Spatial Relationship between Towing and Crime
The 3x3 grid visualization illustrates a clear spatial overlap between arrest rates and towing volumes across Baltimore’s districts. Districts with higher law enforcement activity, marked by larger and darker circles, consistently show higher towing counts. This suggests that high-crime areas are also hotspots for frequent administrative towing operations, indicating that towing activity is not just administrative but closely tied to the city’s policing landscape.
The scatter plot shows how the age of offenders might influence vehicle theft rates by comparing the average age of those arrested to the frequency of stolen vehicles. The downward-sloping regression line shows a negative correlation, suggesting that districts with a younger criminal demographic often experience higher rates of auto theft. While the p-value of 0.052 is just slightly above the traditional 0.05 threshold, the null hypothesis has technically fail to reject. However, the Adjusted R^2 value of 0.357 indicates that the average age of offenders explains about 35.7% of the differences in theft rates between districts, which defined age is still an unavoidable, strong factor in explaining the variance.

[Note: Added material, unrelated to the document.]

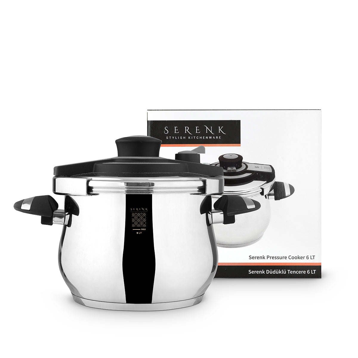 STAINLESS STEEL PRESSURE COOKER: Serenk pressure cooker is constructed of 18/10stainless steel which exceedingly resistant to scratches, staining and will maintain its performance for a lifetime.Besides being durable, stainless steel is healthy,does not contain any toxic material, and is suitable for contact with food.

The boxplot highlights significant financial disparities in vehicle retrieval costs across the city. By limiting the Y-axis at $1,000, the visualization reveals that the Northeast district has a significantly wider spread of paid amounts compared to other regions, indicating much higher volatility in costs. While most districts maintain relatively low median costs, the presence of numerous high-value outliers suggests that retrieval fees are not distributed evenly across Baltimore. These variations likely point to differing regional policies or administrative practices rather than random chance.
For the conclusion, this analysis proves that towing in Baltimore is meaningfully connected to the city’s criminal landscape. From the initial mapping challenges to the final visualizations, it is clear that geographic location significantly impacts both the likelihood of a vehicle being towed and the financial burden of recovering it. Furthermore, I also feel that incorporating data on living standards by district, such as rent and income rates, with the towing data could have led to even more meaningful results. While we haven’t formally studied ANOVA in our current coursework, the visual evidence and regression models suggest that these patterns are systematic indicators of how the city operates.